Intermediate 45 min Apr 01, 2026 51 views
Ubuntu 24.04 Ubuntu 22.04 Debian 12 AlmaLinux 9 Rocky Linux 9 Fedora 41

Set up a production-ready Apache Kafka cluster with SSL security, ZooKeeper ensemble, and comprehensive monitoring using JMX and Prometheus for high-throughput message streaming.

Prerequisites

  • At least 3 servers with 4GB RAM each
  • Root or sudo access
  • Network connectivity between cluster nodes
  • Basic understanding of distributed systems

What this solves

Apache Kafka is a distributed streaming platform that handles high-throughput, fault-tolerant message streaming for modern applications. This tutorial sets up a production-ready Kafka cluster with multiple brokers, ZooKeeper ensemble coordination, SSL/SASL security, and monitoring integration for enterprise workloads.

Step-by-step installation

Update system packages and install Java

Kafka requires Java 11 or higher to run. Start by updating your system and installing OpenJDK.

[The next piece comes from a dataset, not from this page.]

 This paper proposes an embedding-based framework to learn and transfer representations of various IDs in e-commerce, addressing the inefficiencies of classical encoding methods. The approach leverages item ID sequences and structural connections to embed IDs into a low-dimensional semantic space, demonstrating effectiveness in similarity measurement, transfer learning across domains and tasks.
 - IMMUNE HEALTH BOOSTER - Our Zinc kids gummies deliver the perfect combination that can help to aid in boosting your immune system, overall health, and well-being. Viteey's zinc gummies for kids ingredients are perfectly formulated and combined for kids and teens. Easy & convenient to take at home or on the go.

sudo apt update && sudo apt upgrade -y
sudo apt install -y openjdk-17-jdk wget curl net-tools
sudo dnf update -y
sudo dnf install -y java-17-openjdk-devel wget curl net-tools

Verify Java installation and set JAVA_HOME:

java -version
export JAVA_HOME=/usr/lib/jvm/java-17-openjdk-amd64
echo 'export JAVA_HOME=/usr/lib/jvm/java-17-openjdk-amd64' >> ~/.bashrc

Create Kafka user and directory structure

Create a dedicated user for Kafka services and set up the directory structure with proper permissions.

sudo useradd -r -m -s /bin/bash kafka
sudo mkdir -p /opt/kafka /var/log/kafka /var/lib/kafka/data /var/lib/zookeeper
sudo chown -R kafka:kafka /opt/kafka /var/log/kafka /var/lib/kafka /var/lib/zookeeper
Never use chmod 777. We use specific ownership (kafka:kafka) and will set minimal permissions (755 for directories, 644 for files) to maintain security.

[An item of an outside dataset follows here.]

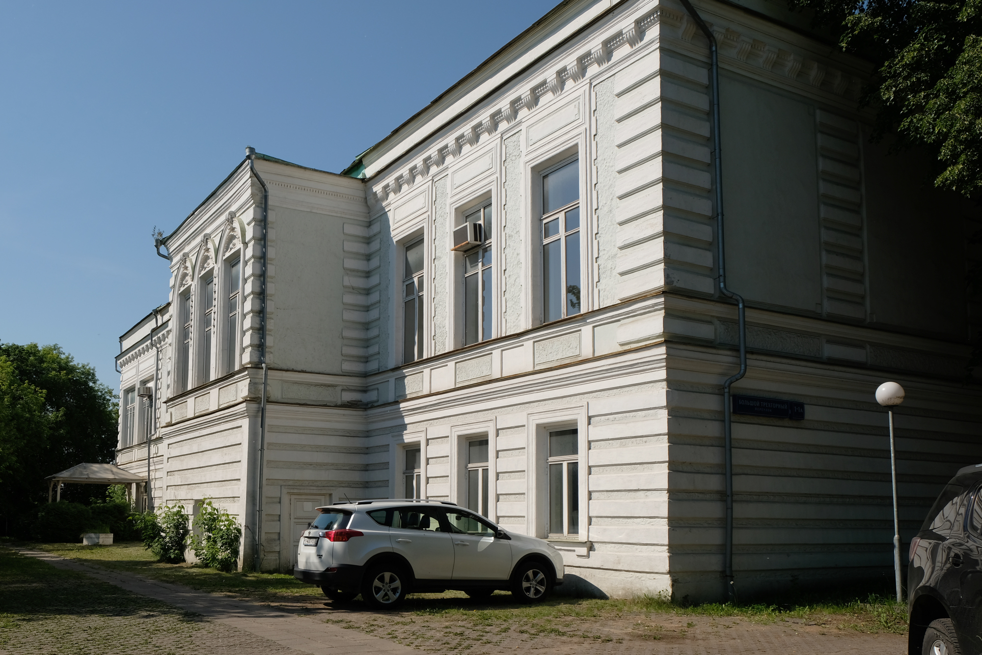 Главный дом (Большой Трехгорный пер., 1–1а, стр. 1), тогда еще деревянный, на каменных сводчатых подвалах, с каменной одноэтажной террасой и парой двухэтажных полукаменных крылец, был возведен им в 1836 году.
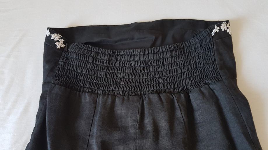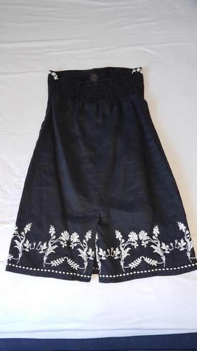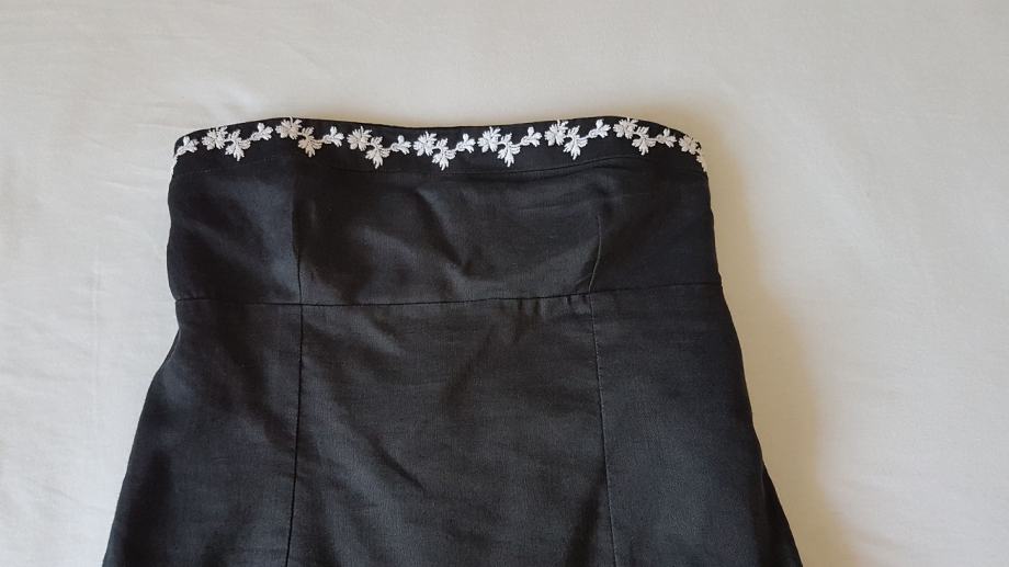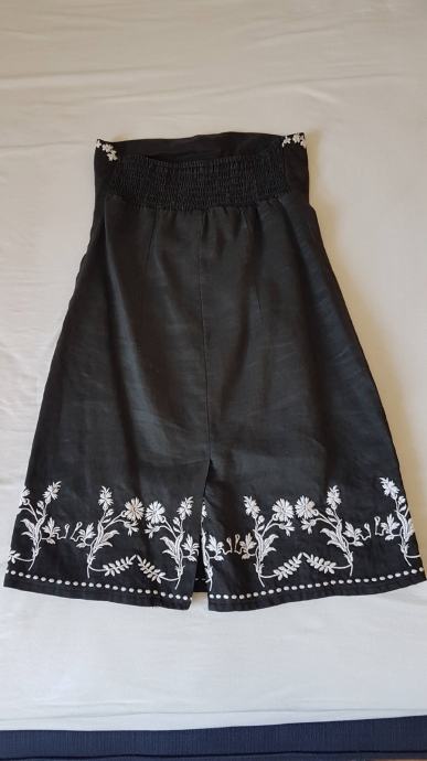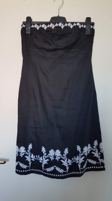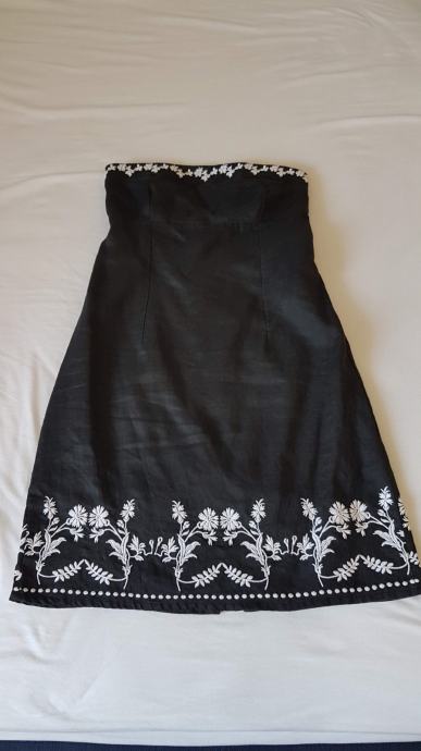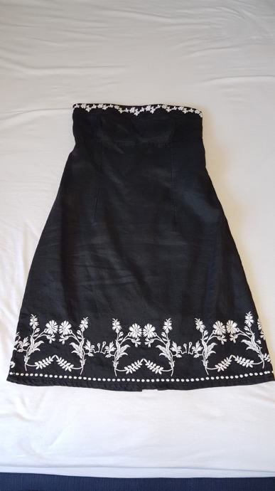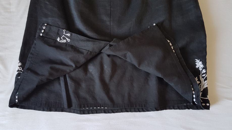 Mango haljina crne boje sa detaljima izvezenog bijelog cvijeća, gornji materijal je lan a iznutra je podstavljena pamučnim materijalom, tako da je ugodna za nositi. Uska, uz tijelo. Ima šlic na bočnoj strani, dužine iznad razine koljena. Veličina L. Malo nošena, bez oštećenja.

Download and install Kafka

Download the latest Kafka binary distribution and extract it to the installation directory.

cd /tmp
wget https://downloads.apache.org/kafka/2.8.2/kafka_2.13-2.8.2.tgz
tar -xzf kafka_2.13-2.8.2.tgz
sudo mv kafka_2.13-2.8.2/* /opt/kafka/
sudo chown -R kafka:kafka /opt/kafka
sudo chmod -R 755 /opt/kafka

Configure ZooKeeper ensemble

Set up ZooKeeper configuration for a three-node ensemble. This provides fault tolerance and prevents split-brain scenarios.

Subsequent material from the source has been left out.